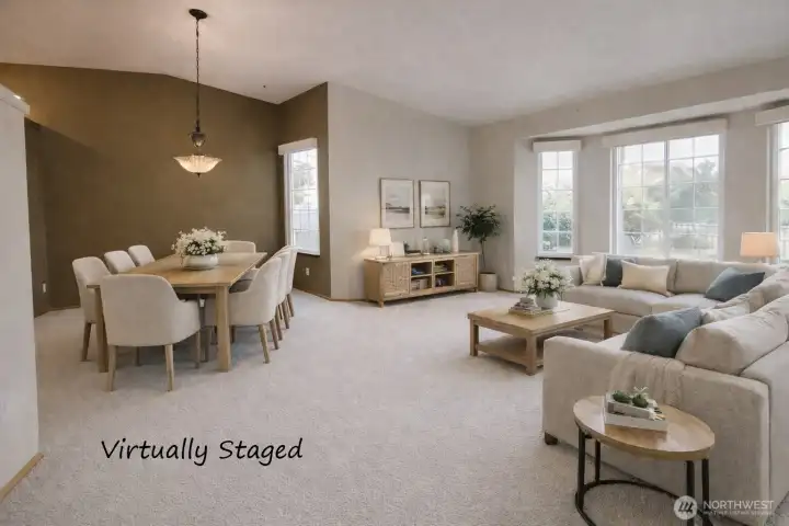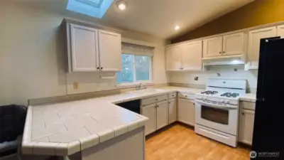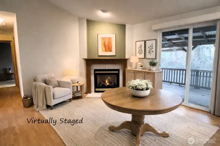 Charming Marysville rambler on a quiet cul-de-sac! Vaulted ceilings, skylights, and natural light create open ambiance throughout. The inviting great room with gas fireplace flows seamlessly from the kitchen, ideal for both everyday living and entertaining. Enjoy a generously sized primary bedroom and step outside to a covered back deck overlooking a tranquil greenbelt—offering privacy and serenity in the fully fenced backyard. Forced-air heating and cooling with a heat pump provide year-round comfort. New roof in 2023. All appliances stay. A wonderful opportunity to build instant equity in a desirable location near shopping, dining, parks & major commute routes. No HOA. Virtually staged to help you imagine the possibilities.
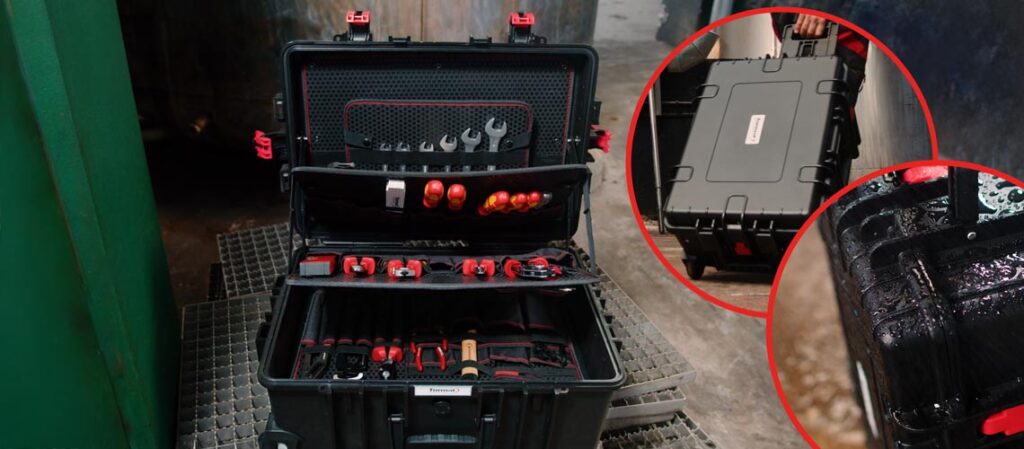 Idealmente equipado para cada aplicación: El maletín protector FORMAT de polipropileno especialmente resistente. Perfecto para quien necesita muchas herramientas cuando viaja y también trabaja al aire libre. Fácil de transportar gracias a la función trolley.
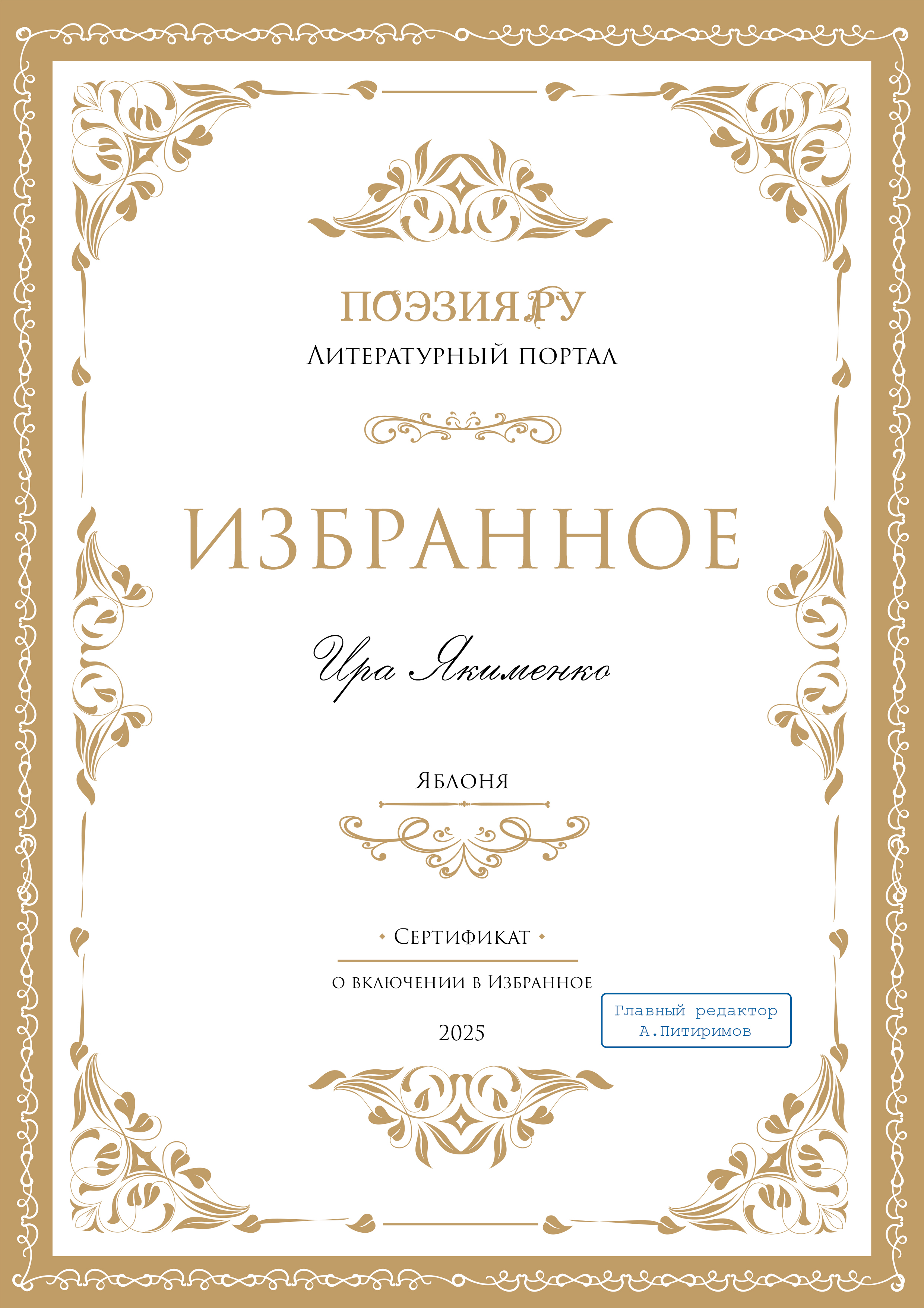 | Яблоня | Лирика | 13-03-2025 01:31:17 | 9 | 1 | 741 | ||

Description of the task> Copy, exactly and exclusively, the lines beginning with the one that contains "Idealmente equipado para" and ending with the last line of the listing; pictures are to be omitted.

Task answer>
 Idealmente equipado para cada aplicación: El maletín protector FORMAT de polipropileno especialmente resistente. Perfecto para quien necesita muchas herramientas cuando viaja y también trabaja al aire libre. Fácil de transportar gracias a la función trolley.
 | Яблоня | Лирика | 13-03-2025 01:31:17 | 9 | 1 | 741 | ||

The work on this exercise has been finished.